═════ RECORD EXTRACTS
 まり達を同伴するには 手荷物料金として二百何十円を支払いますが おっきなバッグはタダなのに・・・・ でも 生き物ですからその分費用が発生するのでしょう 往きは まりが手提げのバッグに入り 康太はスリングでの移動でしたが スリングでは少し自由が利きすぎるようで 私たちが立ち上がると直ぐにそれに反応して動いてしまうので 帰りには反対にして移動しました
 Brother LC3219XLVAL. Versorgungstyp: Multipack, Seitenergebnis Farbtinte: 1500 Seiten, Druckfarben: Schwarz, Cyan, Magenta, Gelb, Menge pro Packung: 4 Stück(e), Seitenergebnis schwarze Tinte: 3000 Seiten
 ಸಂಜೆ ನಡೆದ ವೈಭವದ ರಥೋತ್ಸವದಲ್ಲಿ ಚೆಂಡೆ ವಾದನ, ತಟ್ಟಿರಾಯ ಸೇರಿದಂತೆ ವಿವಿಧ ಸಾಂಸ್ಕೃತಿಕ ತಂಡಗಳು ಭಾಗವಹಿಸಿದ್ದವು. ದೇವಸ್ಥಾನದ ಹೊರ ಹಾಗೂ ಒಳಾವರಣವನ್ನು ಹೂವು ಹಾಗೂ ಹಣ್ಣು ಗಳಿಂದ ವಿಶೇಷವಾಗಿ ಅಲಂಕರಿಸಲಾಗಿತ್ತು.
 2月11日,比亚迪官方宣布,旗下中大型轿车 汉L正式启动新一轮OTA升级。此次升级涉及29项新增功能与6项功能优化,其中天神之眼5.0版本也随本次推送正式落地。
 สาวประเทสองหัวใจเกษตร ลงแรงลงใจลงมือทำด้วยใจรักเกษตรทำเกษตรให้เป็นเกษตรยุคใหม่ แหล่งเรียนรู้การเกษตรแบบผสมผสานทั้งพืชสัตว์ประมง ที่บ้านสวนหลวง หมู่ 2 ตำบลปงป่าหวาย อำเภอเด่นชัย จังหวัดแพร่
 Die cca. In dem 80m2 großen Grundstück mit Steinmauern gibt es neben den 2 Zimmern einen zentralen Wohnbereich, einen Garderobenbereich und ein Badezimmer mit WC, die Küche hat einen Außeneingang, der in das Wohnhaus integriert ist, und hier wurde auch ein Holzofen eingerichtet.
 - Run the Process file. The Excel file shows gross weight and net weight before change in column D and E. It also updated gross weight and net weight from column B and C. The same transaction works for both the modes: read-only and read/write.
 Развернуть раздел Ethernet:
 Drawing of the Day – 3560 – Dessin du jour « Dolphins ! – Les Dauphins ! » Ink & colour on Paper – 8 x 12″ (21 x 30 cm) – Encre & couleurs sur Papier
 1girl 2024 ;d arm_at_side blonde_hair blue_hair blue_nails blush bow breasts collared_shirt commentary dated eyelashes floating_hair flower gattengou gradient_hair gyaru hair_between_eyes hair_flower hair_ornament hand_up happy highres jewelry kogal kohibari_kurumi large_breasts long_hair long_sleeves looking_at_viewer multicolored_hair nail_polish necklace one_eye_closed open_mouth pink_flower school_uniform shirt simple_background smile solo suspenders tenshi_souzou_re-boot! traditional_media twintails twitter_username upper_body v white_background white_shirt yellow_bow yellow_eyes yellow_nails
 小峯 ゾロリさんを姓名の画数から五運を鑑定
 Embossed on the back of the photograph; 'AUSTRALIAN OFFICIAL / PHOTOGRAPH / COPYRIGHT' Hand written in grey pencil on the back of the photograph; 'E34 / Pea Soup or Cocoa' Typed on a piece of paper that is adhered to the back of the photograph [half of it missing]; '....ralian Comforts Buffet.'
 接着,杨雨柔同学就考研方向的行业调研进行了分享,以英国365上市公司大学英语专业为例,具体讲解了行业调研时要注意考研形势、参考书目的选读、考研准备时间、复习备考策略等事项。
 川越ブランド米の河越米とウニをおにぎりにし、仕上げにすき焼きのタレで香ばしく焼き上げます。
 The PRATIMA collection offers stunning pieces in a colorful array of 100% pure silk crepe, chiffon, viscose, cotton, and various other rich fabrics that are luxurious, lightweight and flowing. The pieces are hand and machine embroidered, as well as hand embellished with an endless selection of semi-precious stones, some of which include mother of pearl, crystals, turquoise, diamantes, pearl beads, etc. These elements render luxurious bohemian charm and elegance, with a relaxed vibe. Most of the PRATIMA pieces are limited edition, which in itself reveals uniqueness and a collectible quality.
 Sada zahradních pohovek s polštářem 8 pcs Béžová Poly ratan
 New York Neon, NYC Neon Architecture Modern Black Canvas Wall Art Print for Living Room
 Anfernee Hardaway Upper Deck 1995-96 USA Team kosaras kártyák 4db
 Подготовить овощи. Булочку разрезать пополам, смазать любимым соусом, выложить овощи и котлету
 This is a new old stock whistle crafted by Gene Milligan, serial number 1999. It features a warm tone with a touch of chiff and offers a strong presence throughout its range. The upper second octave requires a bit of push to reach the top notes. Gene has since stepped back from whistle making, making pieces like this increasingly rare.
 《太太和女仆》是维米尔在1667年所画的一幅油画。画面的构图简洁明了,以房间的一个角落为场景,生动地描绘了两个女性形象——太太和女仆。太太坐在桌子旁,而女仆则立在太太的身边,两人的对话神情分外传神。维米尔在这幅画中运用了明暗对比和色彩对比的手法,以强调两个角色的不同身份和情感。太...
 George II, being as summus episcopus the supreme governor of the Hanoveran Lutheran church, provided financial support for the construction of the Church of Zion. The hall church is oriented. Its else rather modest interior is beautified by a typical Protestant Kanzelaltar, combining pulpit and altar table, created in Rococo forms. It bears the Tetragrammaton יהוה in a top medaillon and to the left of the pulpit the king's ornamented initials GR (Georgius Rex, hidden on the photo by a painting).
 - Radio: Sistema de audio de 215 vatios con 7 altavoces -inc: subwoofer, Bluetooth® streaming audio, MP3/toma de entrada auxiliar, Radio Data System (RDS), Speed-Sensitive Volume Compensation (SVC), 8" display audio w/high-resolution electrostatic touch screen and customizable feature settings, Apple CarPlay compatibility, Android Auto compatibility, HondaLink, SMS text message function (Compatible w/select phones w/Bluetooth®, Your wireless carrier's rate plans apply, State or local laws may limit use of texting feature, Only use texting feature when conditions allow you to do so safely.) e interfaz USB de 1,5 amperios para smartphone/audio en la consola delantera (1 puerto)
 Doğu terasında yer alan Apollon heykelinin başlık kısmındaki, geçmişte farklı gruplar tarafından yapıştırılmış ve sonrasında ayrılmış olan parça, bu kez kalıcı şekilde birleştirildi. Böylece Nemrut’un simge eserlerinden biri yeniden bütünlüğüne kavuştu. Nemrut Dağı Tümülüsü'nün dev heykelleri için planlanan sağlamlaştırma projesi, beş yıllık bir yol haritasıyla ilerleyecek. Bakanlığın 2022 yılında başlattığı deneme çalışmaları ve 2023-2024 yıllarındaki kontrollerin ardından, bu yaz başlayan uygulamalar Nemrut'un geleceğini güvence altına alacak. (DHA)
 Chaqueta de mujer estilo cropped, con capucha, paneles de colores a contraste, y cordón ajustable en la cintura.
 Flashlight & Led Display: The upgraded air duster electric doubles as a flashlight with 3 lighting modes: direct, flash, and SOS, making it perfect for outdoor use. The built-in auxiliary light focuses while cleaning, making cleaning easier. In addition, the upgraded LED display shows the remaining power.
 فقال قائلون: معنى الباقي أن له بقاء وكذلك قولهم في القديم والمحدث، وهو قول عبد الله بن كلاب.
══════════
YOUR TASK: Look above for the line with "ಸಂಜೆ ನಡೆದ ವೈಭವದ"; retype exactly that line, every line after it up to the line with "Drawing of the", and that line too, nothing else.

ANSWER FOR THE TASK:
 ಸಂಜೆ ನಡೆದ ವೈಭವದ ರಥೋತ್ಸವದಲ್ಲಿ ಚೆಂಡೆ ವಾದನ, ತಟ್ಟಿರಾಯ ಸೇರಿದಂತೆ ವಿವಿಧ ಸಾಂಸ್ಕೃತಿಕ ತಂಡಗಳು ಭಾಗವಹಿಸಿದ್ದವು. ದೇವಸ್ಥಾನದ ಹೊರ ಹಾಗೂ ಒಳಾವರಣವನ್ನು ಹೂವು ಹಾಗೂ ಹಣ್ಣು ಗಳಿಂದ ವಿಶೇಷವಾಗಿ ಅಲಂಕರಿಸಲಾಗಿತ್ತು.
 2月11日,比亚迪官方宣布,旗下中大型轿车 汉L正式启动新一轮OTA升级。此次升级涉及29项新增功能与6项功能优化,其中天神之眼5.0版本也随本次推送正式落地。
 สาวประเทสองหัวใจเกษตร ลงแรงลงใจลงมือทำด้วยใจรักเกษตรทำเกษตรให้เป็นเกษตรยุคใหม่ แหล่งเรียนรู้การเกษตรแบบผสมผสานทั้งพืชสัตว์ประมง ที่บ้านสวนหลวง หมู่ 2 ตำบลปงป่าหวาย อำเภอเด่นชัย จังหวัดแพร่
 Die cca. In dem 80m2 großen Grundstück mit Steinmauern gibt es neben den 2 Zimmern einen zentralen Wohnbereich, einen Garderobenbereich und ein Badezimmer mit WC, die Küche hat einen Außeneingang, der in das Wohnhaus integriert ist, und hier wurde auch ein Holzofen eingerichtet.
 - Run the Process file. The Excel file shows gross weight and net weight before change in column D and E. It also updated gross weight and net weight from column B and C. The same transaction works for both the modes: read-only and read/write.
 Развернуть раздел Ethernet:
 Drawing of the Day – 3560 – Dessin du jour « Dolphins ! – Les Dauphins ! » Ink & colour on Paper – 8 x 12″ (21 x 30 cm) – Encre & couleurs sur Papier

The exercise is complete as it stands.